EXAMPLE 2: APPLE MASH

[0115] substrate: Jonagold, pH 3.49 [0116] proceeding: apples were crushed in a meat grinder, 500 g mash was filled in a 1000 ml beaker enzyme dosages: ROHAPECT MA plus T 100 ppm (pectinase blend comprising Endo-polygalacturonase (3.2.1.15, specific activity 1100 PGX/g) and Pectinesterase (3.1.1.11, specific activity 3150 PE/g), lot nr. R206179ST) [0117] FOSEnzyme product 100 & 1000 ppm (R220627ST) [0118] Reaction temperature: 20 C. [0119] Response time: 60 minutes

[0120] After the reaction the apples mash was be pressed with a small Hafico Press at 0 bar 2 min-50 bar 2 min-100 bar 2 min-150 bar 2 min-200 bar 2 min analytics: inactivated samples were frozen for (S/G/F measurement) test kit Turbidity [NTU]: 1 ml centrifuge 13000 rpm for 2 min

[0121] Results are shown in FIG. 2 and Table 1; cotreatment with fructosyltransferase (FOSEnzyme product) and pectinase (MA plus T) causes a decrease of sucrose concentration to less than 5 g/L with concomitant increase in glucose concentration (FIG. 2A) and a decrease in dynamic viscosity (FIG. 2B). Cotreatment has no negative effect on juice yield (Table 1), one of the most important parameters in apple juice manufacturing. Surprisingly an increase in juice turbidity (NTU) is observed in the juice pressed from a treated apple mash (Table 1), which is desirable in manufacturing cloudy apple juices. At the same time the viscosity of juice obtained by mash co-treatment is significantly reduced as compared to the treatment with ROHAPECT MA plus alone. This is a surprising effect as well and, following Darcy's law, this is leading to better filtration of the juice in the next process step and thus leads to an improved processing including better filtration in the following production steps in the industrial juice manufacturing plant.

EXAMPLE 3: APPLE JUICE

[0122] substrate: Juice from Jonagold, pH 3.55 [0123] proceeding: See apple mash treatment (Example 2) with modified enzyme dosage enzyme dosage EL-2022/000031 30 ppm (pectinase blend comprising Endo-polygalacturonase (EC 3.2.1.15, specific activity 1250 PGX/g, Pectinesterase (EC 3.1.1.11, specific activity 1550 PE/g), Pectin lyase (EC 4.2.2.10, specific activity 30 PTF/mg), arabinan endo-1,5-alpha-L-arabinanase (EC 3.2.1.99, specific activity 100 ARAG/g, and glucan 1,4-alpha-glucosidase, 150 GAU/g) [0124] FOSEnzyme product 100 & 500 ppm (lot nr.
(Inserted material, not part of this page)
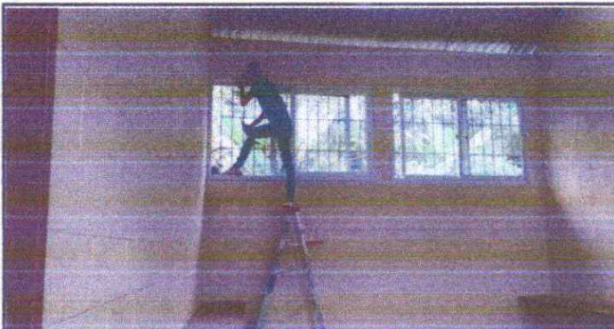
Foto 3: En los balcones esta sujetado cortinas para que la briza de agua no entre al laboratorio de computacion

R220627ST) [0125] GAMYLOZYM AFL 15 ppm [0126] Reaction temperature: 50 C.; Response time: 120 minutes. [0127] After the reaction 10 min 90 C., cool down up to 50 C.

[0128] An Amicon TCF 10-UF system is available. Membranes: SARTORIUS 11107 cellulose nitrate filter 0.2 m were used.

[0129] Filtration parameter: Air pressure is 0.5 bar and. Time unit by weighing.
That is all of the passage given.